I slanted a look across the parking garage to the car carefully covered with a tarp and protected for all time. Or at least until its new buyer came to collect it in a week or two. My heart skipped a beat at the boldness of my idea.
The Lamborghini was here.
Its gas tank was full.
And I knew where the keys were.
It seemed that this was the night that some dreams could come true.
“B
E RIGHT BACK
,” I
SAID
to Derek, and raced upstairs. I grabbed the Lamborghini’s keys and was back in the garage in record time, moving practically at the speed of light.
Derek was gone.
My messenger was emitting one of those notes, the sound echoing around the parking garage in a decidedly eerie fashion.
I panicked for a second, certain the ShadowEaters had gotten him.
But no. Derek was in wolf form. I exhaled in relief when I saw him. His paws were braced against the pavement in the space that was usually occupied by my dad’s new sedan. My messenger was on the ground beside him, holding that note.
When he saw me, he tipped back his head and loosed the howl I’d heard the wolf shifters make when we triumphed over the Mages in the fall. It was a sound that made me shiver.
And it perfectly matched the note emanating from my messenger.
The
Wakiya
elder lounged against the fender of my car, nodding approval. “That’s two,” he said, and I laughed.
“Help me get the tarp off,” I said to Derek, snatching up my messenger on the way past him. I saw the blue shimmer of his shifting shape; then he was beside me again. In no time at all, we had the car unwrapped, and we both stopped to stare.
The car was perfect. Utterly black, polished to the gleam of a dark mirror, sleek and powerful, and apparently untouched by human hands.
My heart did a trio of backflips.
Was I out of my mind?
“Pretty much,” Sigmund said, and I could have smacked him.
If I’d been able to see him.
I was not happy that he was adding the disembodied voice to his repertoire of dead-guy tricks. He would choose this moment to change his rules.
“You know, in some cultures, it’s believed that people who see the dead do so because they’ll soon be dead themselves,” Sigmund said conversationally.
I was sure he was referring to my dad’s reaction to me driving the Lamborghini.
“Thank you very much for that,” I said. “I’ll keep it in mind.”

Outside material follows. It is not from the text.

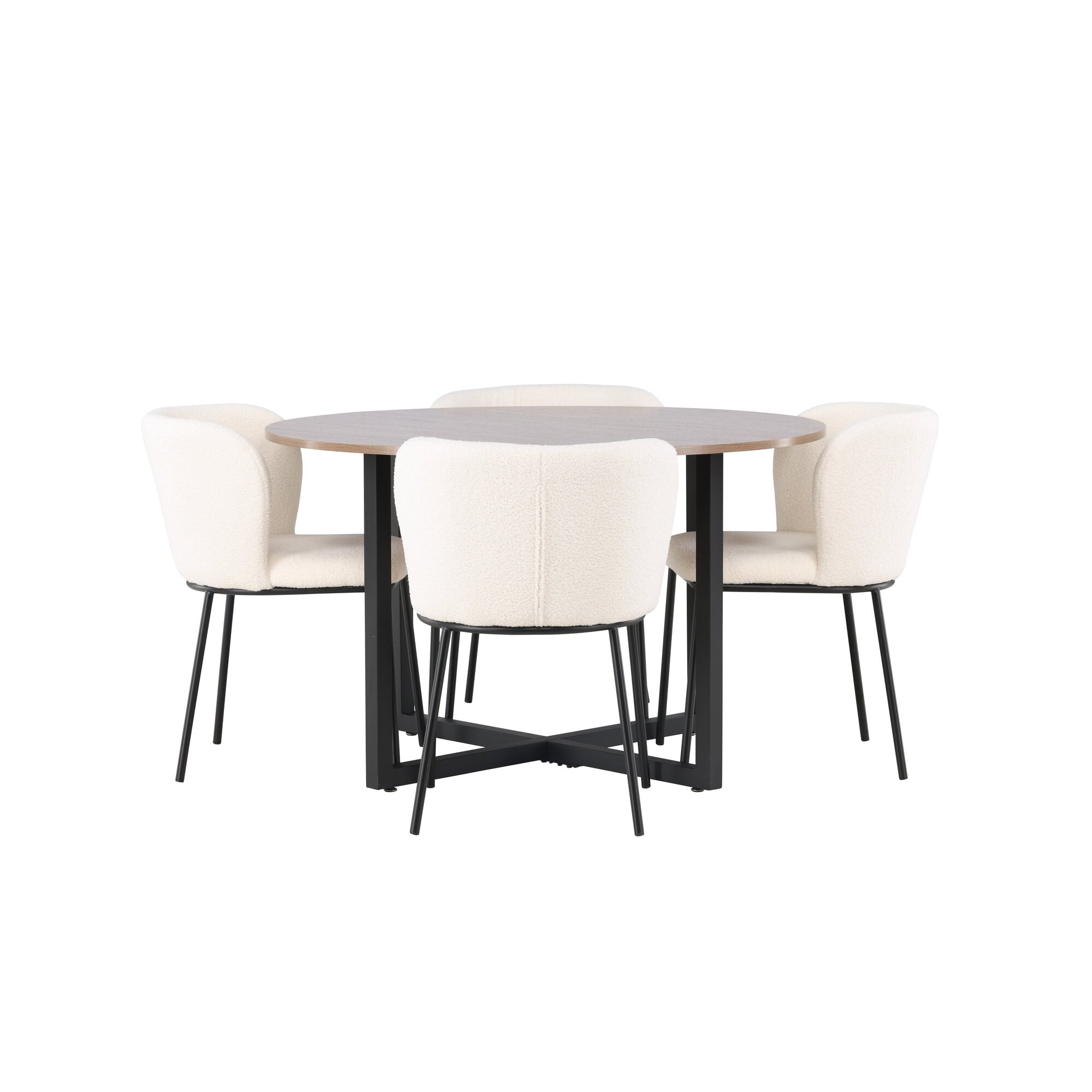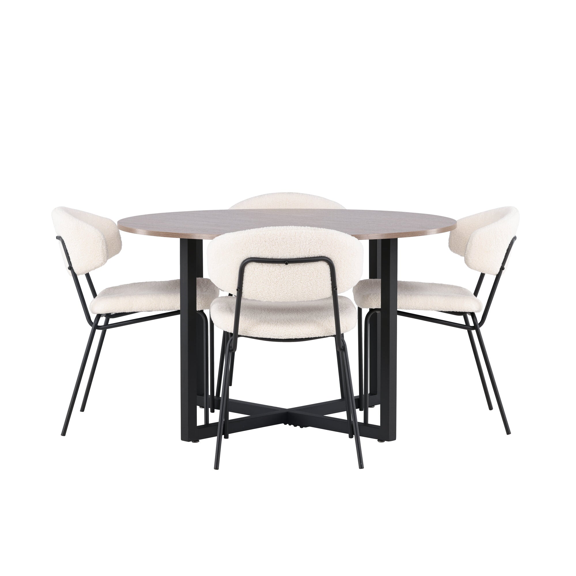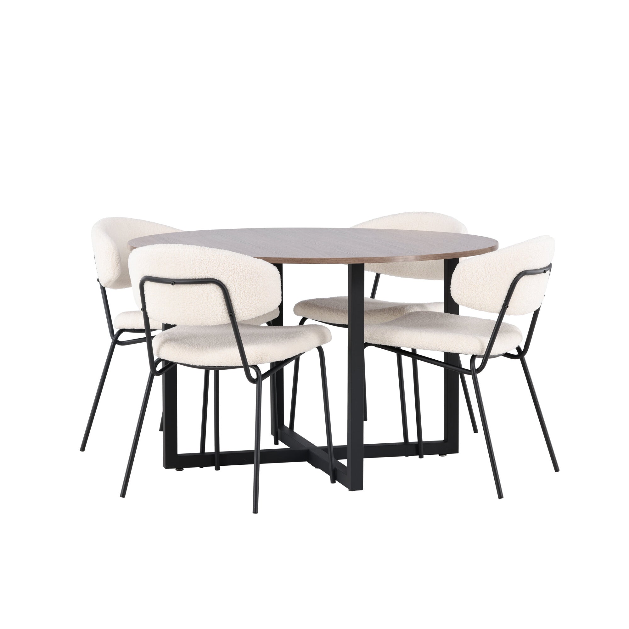 Jídelní stůl Durango - černá / ořechová MDF + jídelní židle Chico - černá / bílá Boucle _4

“Keep what in mind?” Derek asked.
“Don’t worry about it.” I forced a smile, feigning confidence, and hit the button to unlock the doors. The car beeped and the lights flashed. I heard the locks disengage.
“You know how to drive this thing?” Derek asked, his uncertainty clear.
“I guess I’ll learn,” I said, and his eyes widened. I opened the driver’s-side door. I was more terrified of damaging this car than I’d been of anything ever in my life.
Which was saying something, given that I lived with dragons and fought ShadowEaters on a regular basis.
On the other hand, I was thrilled.
And I told myself I didn’t have a choice.
There were, of course, really only two seats in the car, the backseat pretty much big enough for just an umbrella or a purse. I realized suddenly that I was the reason my dad had had to set aside his precious automobile.
No room for a baby seat.
I glanced at the elder, who moved his arms to pantomime flying. I gave him a thumbs-up. Derek looked between me and the place where the dead elder stood, with an expression that told me he couldn’t see our companion.
I got in, was swallowed by the leather seat, and was amazed that my dad had given this up for me. It was completely deluxe, and so antique that it could have been from another planet. Slick, though.